■ Excerpted data:

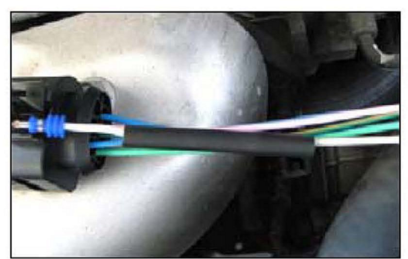 11. Prepare new same color wire with oxygen sensor connector terminal (larger than PCM side terminal) and slide the heat shrinking tube onto the wire allowing room to splice and solder.
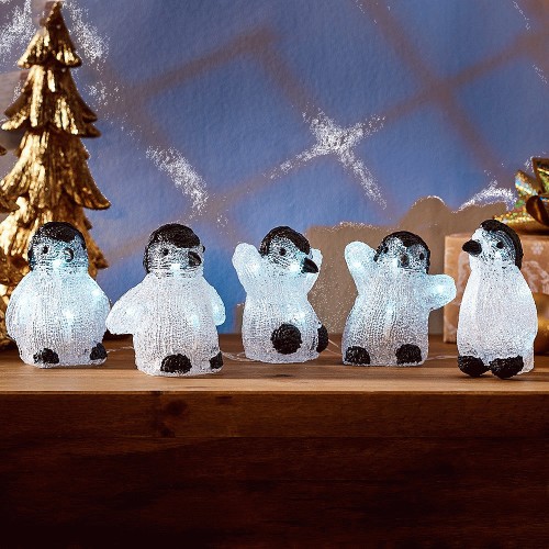 Battery Operated Acrylic Light Up Penguins Set Of 5
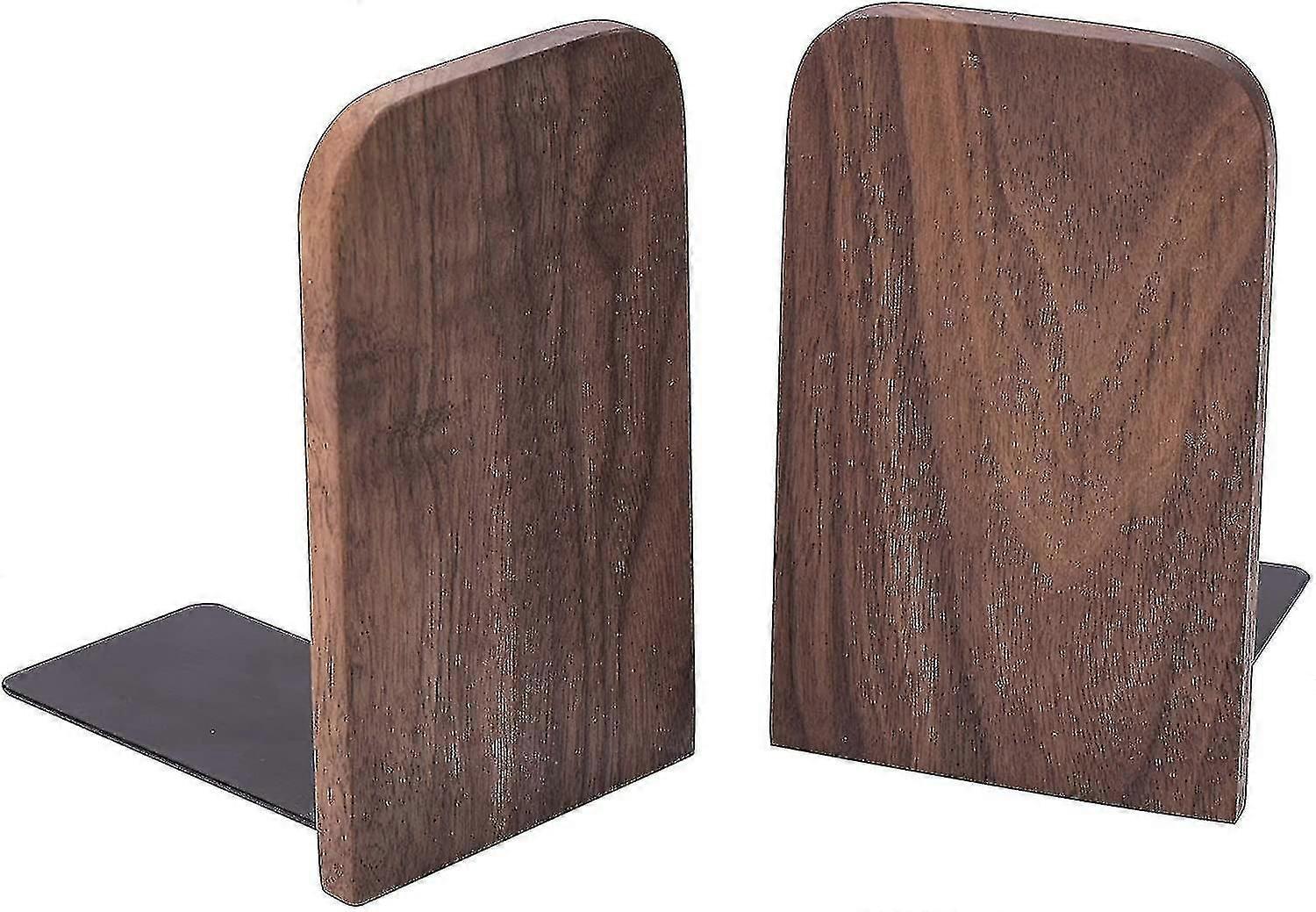 Vintage Wooden Bookends With Metal Base, Set of 2 Heavy Duty Black Walnut Book Stand
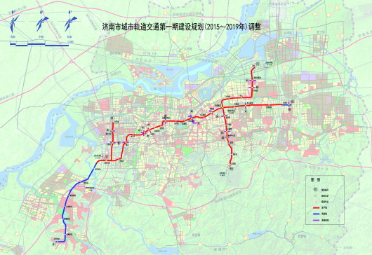 济南市城市轨道交通第一期建设规划(2015-2019年)调整图。
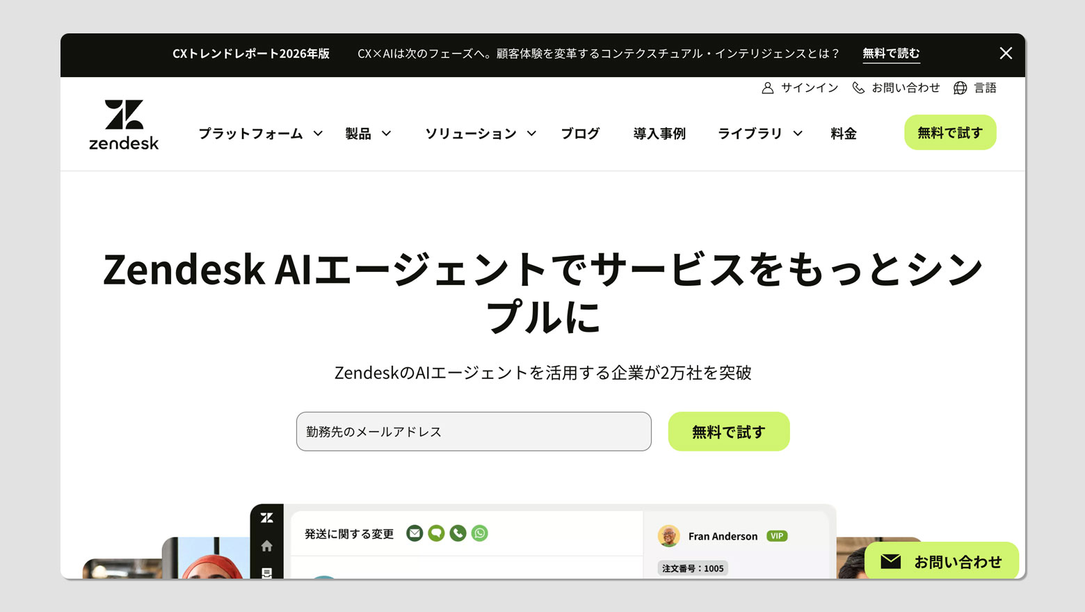 Shopifyの注文データや在庫情報をリアルタイムで参照し、最大60%の問い合わせをAIが解決すると公表されています。
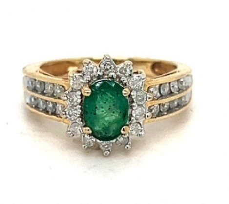 14k yellow gold cocktail ring adorned with a combination of emerald and diamonds. This ring, sized at 5.5, features a graduated 2mm shank. The centerpiece is an approximate 0.60ct. natural oval emerald with fair to good intensity and transparency. The emerald is flanked and surrounded by 30 round brilliant-cut diamonds totaling approximately 0.60ct, set in a combination of channel and prong settings, with a H-I color and SI2 clarity. The top of the ring measures approximately 1/2 inch long by 3/8 inch wide.
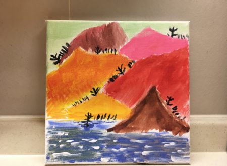 與幅畫的海用了一些紫色、藍色、深藍色和淺
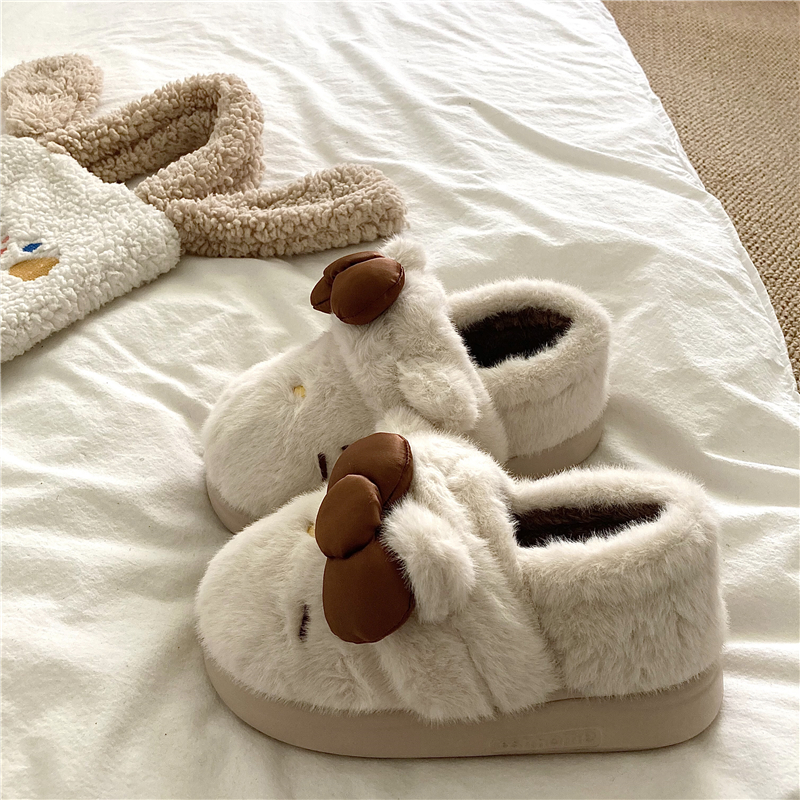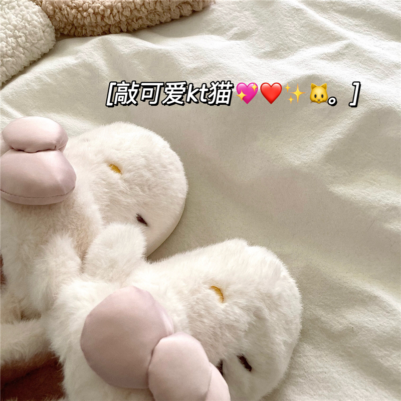 甜心奶油KT~!软糯厚实保暖居家包跟棉鞋女冬季ins厚底毛毛棉拖鞋,江苏 南京
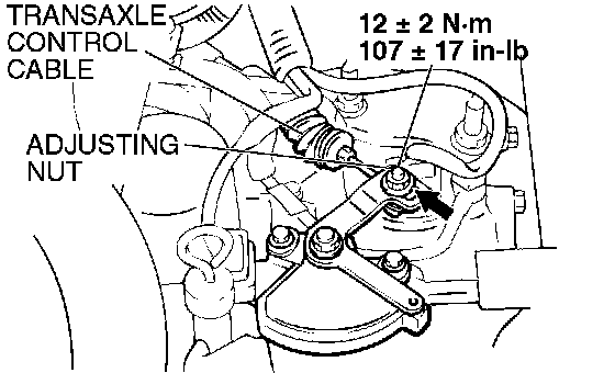 6. Gently push the transaxle control cable in the direction of the arrow, until the cable is taut. Tighten the adjusting nut.
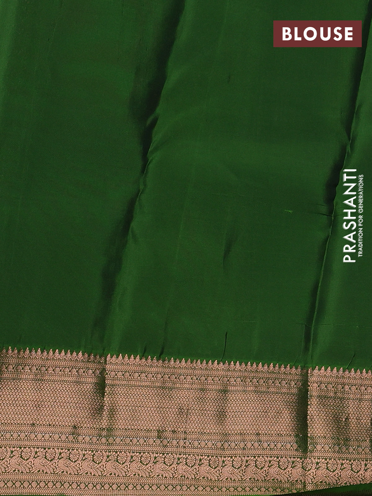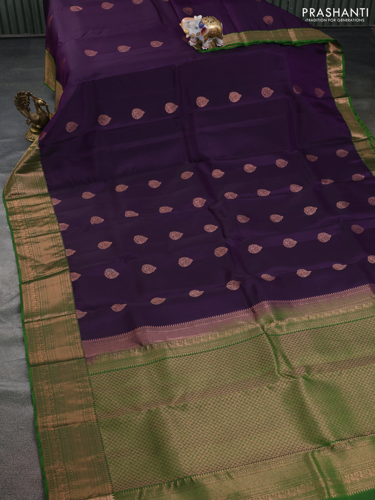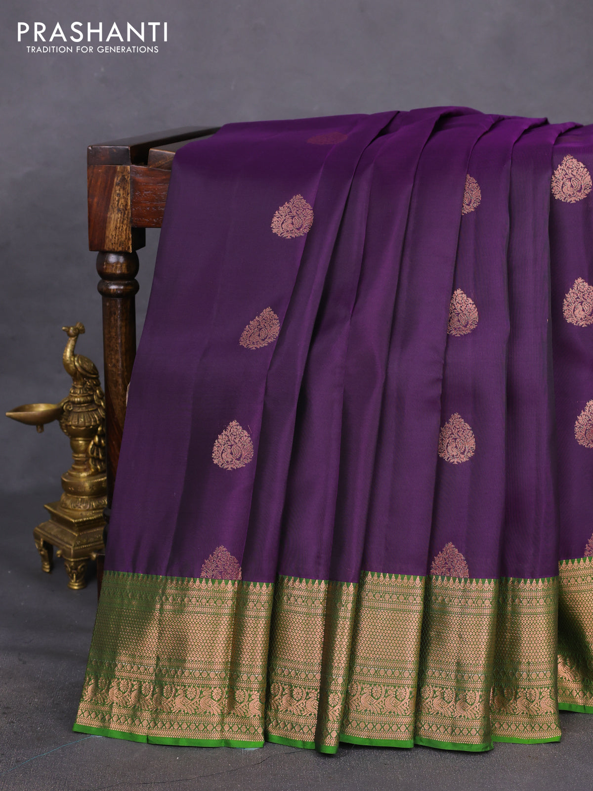 Kanchipuram silk saree deep violet and green with copper zari woven buttas and copper zari woven border
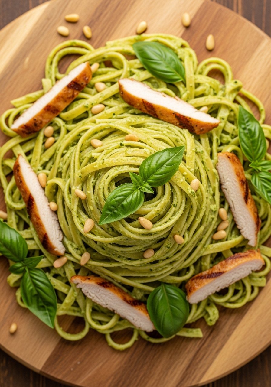 - Toss zoodles with sauce and top with sliced chicken and basil.
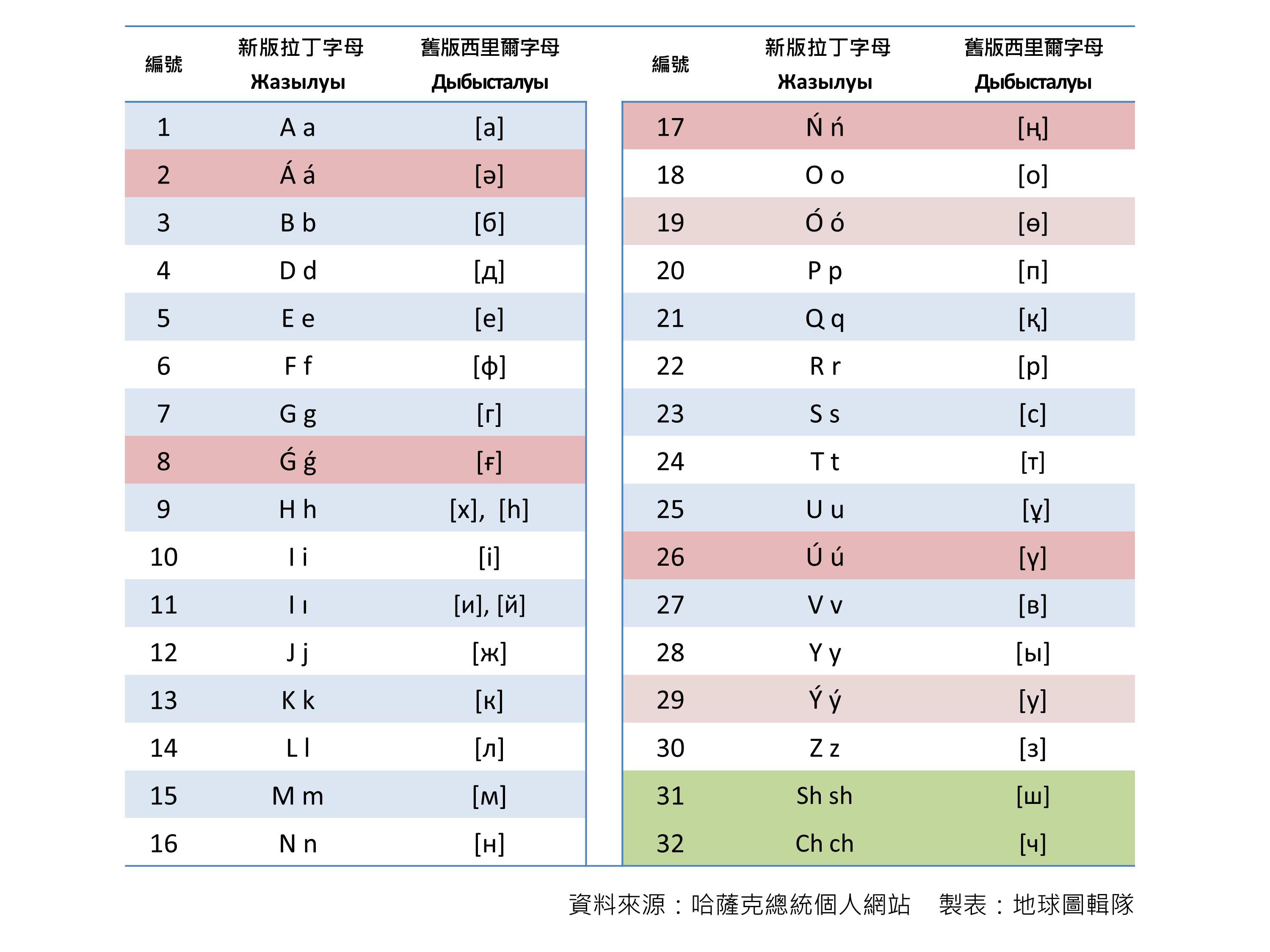 這是昨天哈薩克總統公布的最新版拼音文字對照表,左邊是新制以拉丁字母為基礎的拼音文字,右邊為舊制西里爾字母。表上以紅底標示的欄位為「加入撇號」的哈薩克字母,綠底為修正過字母排序和寫法的sh和ch。
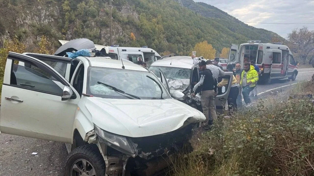 Artvin-Ardahan kara yolunun 53. kilometresinde Ömer Alperen P. (28) yönetimindeki 06 BVZ 230 plakalı kamyonet ile Yunus Emre A. (24) idaresindeki 08 ABU 796 plakalı kamyonet ve Muhammet Y'nin (42) kullandığı 08 ABJ 017 plakalı otomobil çarpıştı.
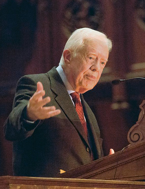 Former president JIMMY CARTER, above, addressed issues of gender equality and sexual violence around the world when he spoke in the University Chapel Dec. 3. But what may have resonated most with the campus crowd of 800 were his comments about sexual violence on college campuses.
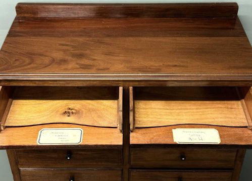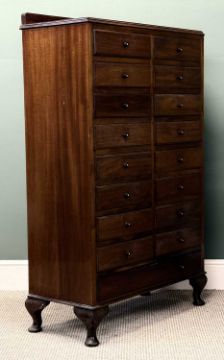 MAHOGANY MUSIC CABINET with raised back, sixteen short and one long drawer, with fall fronts and knob handles, on short cabriole supports, 136 (h) x 85 (w) x 39cms (d)Provenance: private collection Ynys Môn
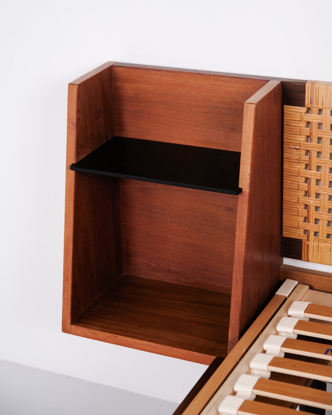 — Detaljer: Integrerede sengeborde og glashylder
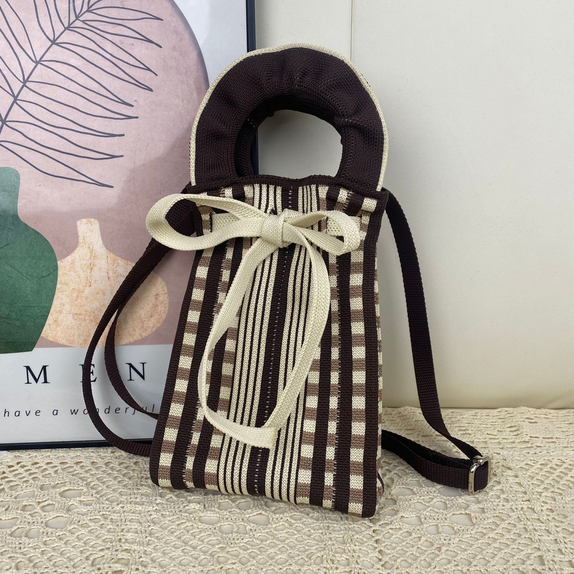beige plaid bow phone bag
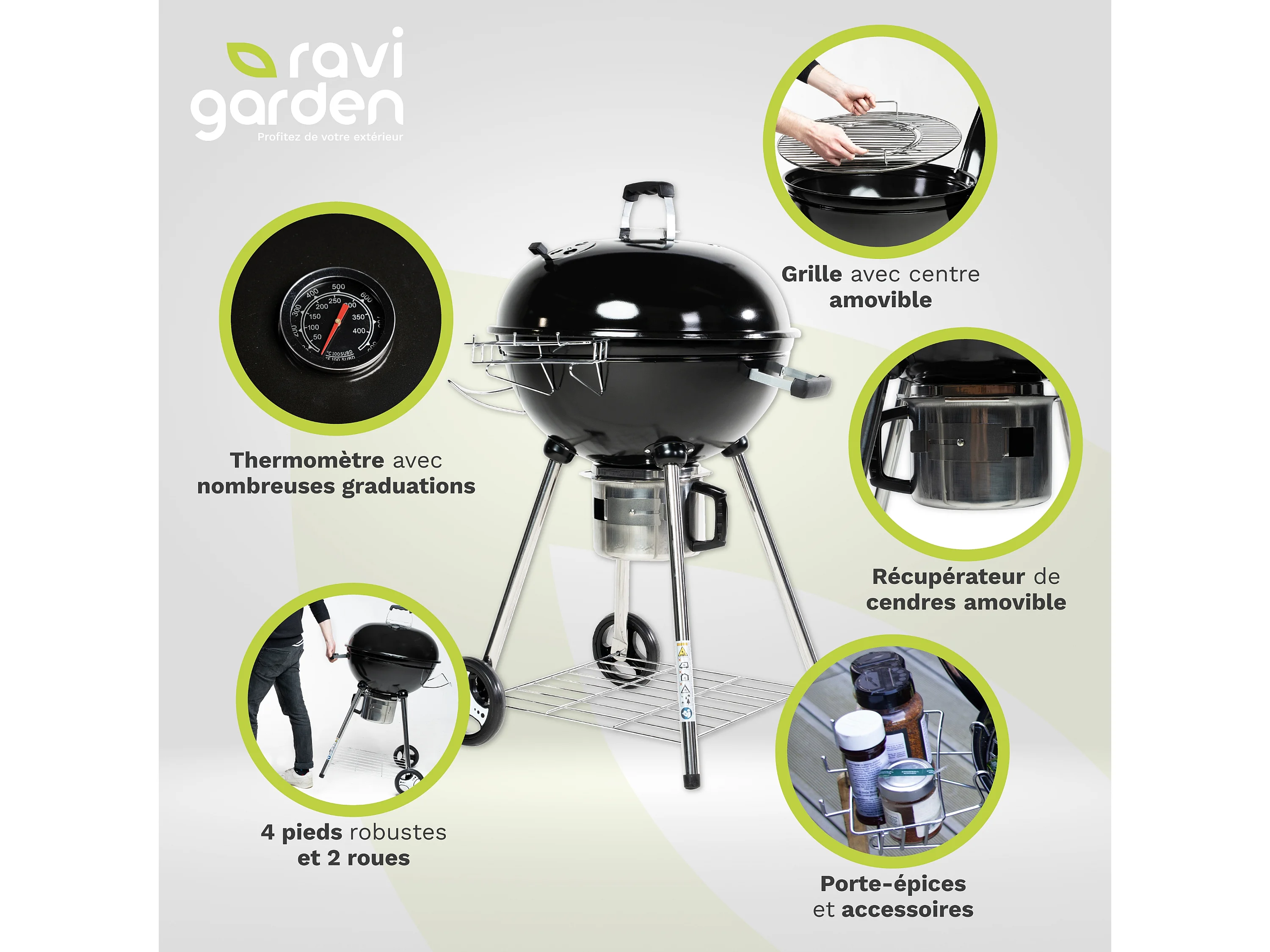 Barbecue Charbon de Bois 57 cm avec Couvercle | Barbecue Rond Charbon | BBQ Charbon 4 Pieds | Idéal pour 8 à 12 personnes
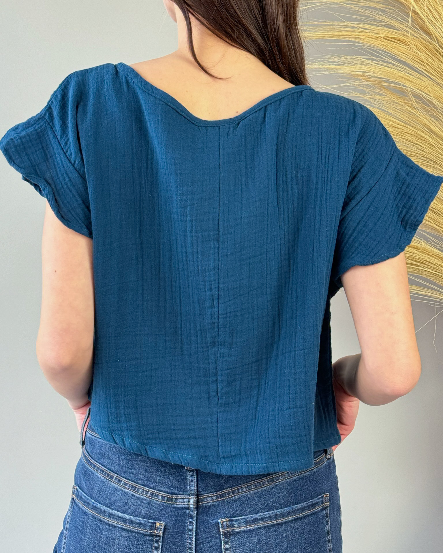 Our Crop Gauze Top is a timeless classic with a modern twist. Featuring short flutter sleeves and a crew neck, this top exudes effortless style and versatility. Crafted from soft and breezy gauze fabric, it's perfect for staying cool and chic on warmer days. Pair it with high-waisted bottoms for a stylish ensemble that's sure to turn heads.
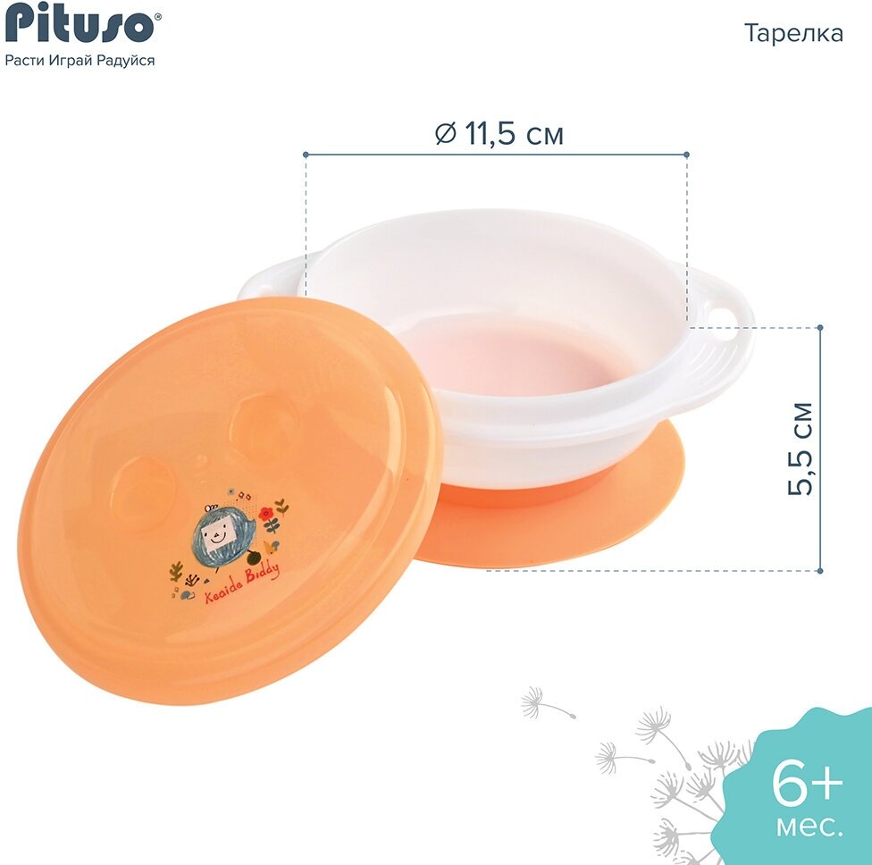 Тарелка детская Pituso на присоске с крышкой 270 мл Orange/оранжевый информация:

■ Your assignment:
Send back every record exactly as it stands, except the pictures.

■ Answer section:
 11. Prepare new same color wire with oxygen sensor connector terminal (larger than PCM side terminal) and slide the heat shrinking tube onto the wire allowing room to splice and solder.
 Battery Operated Acrylic Light Up Penguins Set Of 5
 Vintage Wooden Bookends With Metal Base, Set of 2 Heavy Duty Black Walnut Book Stand
 济南市城市轨道交通第一期建设规划(2015-2019年)调整图。
 Shopifyの注文データや在庫情報をリアルタイムで参照し、最大60%の問い合わせをAIが解決すると公表されています。
 14k yellow gold cocktail ring adorned with a combination of emerald and diamonds. This ring, sized at 5.5, features a graduated 2mm shank. The centerpiece is an approximate 0.60ct. natural oval emerald with fair to good intensity and transparency. The emerald is flanked and surrounded by 30 round brilliant-cut diamonds totaling approximately 0.60ct, set in a combination of channel and prong settings, with a H-I color and SI2 clarity. The top of the ring measures approximately 1/2 inch long by 3/8 inch wide.
 與幅畫的海用了一些紫色、藍色、深藍色和淺
 甜心奶油KT~!软糯厚实保暖居家包跟棉鞋女冬季ins厚底毛毛棉拖鞋,江苏 南京
 6. Gently push the transaxle control cable in the direction of the arrow, until the cable is taut. Tighten the adjusting nut.
 Kanchipuram silk saree deep violet and green with copper zari woven buttas and copper zari woven border
 - Toss zoodles with sauce and top with sliced chicken and basil.
 這是昨天哈薩克總統公布的最新版拼音文字對照表,左邊是新制以拉丁字母為基礎的拼音文字,右邊為舊制西里爾字母。表上以紅底標示的欄位為「加入撇號」的哈薩克字母,綠底為修正過字母排序和寫法的sh和ch。
 Artvin-Ardahan kara yolunun 53. kilometresinde Ömer Alperen P. (28) yönetimindeki 06 BVZ 230 plakalı kamyonet ile Yunus Emre A. (24) idaresindeki 08 ABU 796 plakalı kamyonet ve Muhammet Y'nin (42) kullandığı 08 ABJ 017 plakalı otomobil çarpıştı.
 Former president JIMMY CARTER, above, addressed issues of gender equality and sexual violence around the world when he spoke in the University Chapel Dec. 3. But what may have resonated most with the campus crowd of 800 were his comments about sexual violence on college campuses.
 MAHOGANY MUSIC CABINET with raised back, sixteen short and one long drawer, with fall fronts and knob handles, on short cabriole supports, 136 (h) x 85 (w) x 39cms (d)Provenance: private collection Ynys Môn
 — Detaljer: Integrerede sengeborde og glashylder
beige plaid bow phone bag
 Barbecue Charbon de Bois 57 cm avec Couvercle | Barbecue Rond Charbon | BBQ Charbon 4 Pieds | Idéal pour 8 à 12 personnes
 Our Crop Gauze Top is a timeless classic with a modern twist. Featuring short flutter sleeves and a crew neck, this top exudes effortless style and versatility. Crafted from soft and breezy gauze fabric, it's perfect for staying cool and chic on warmer days. Pair it with high-waisted bottoms for a stylish ensemble that's sure to turn heads.
 Тарелка детская Pituso на присоске с крышкой 270 мл Orange/оранжевый информация:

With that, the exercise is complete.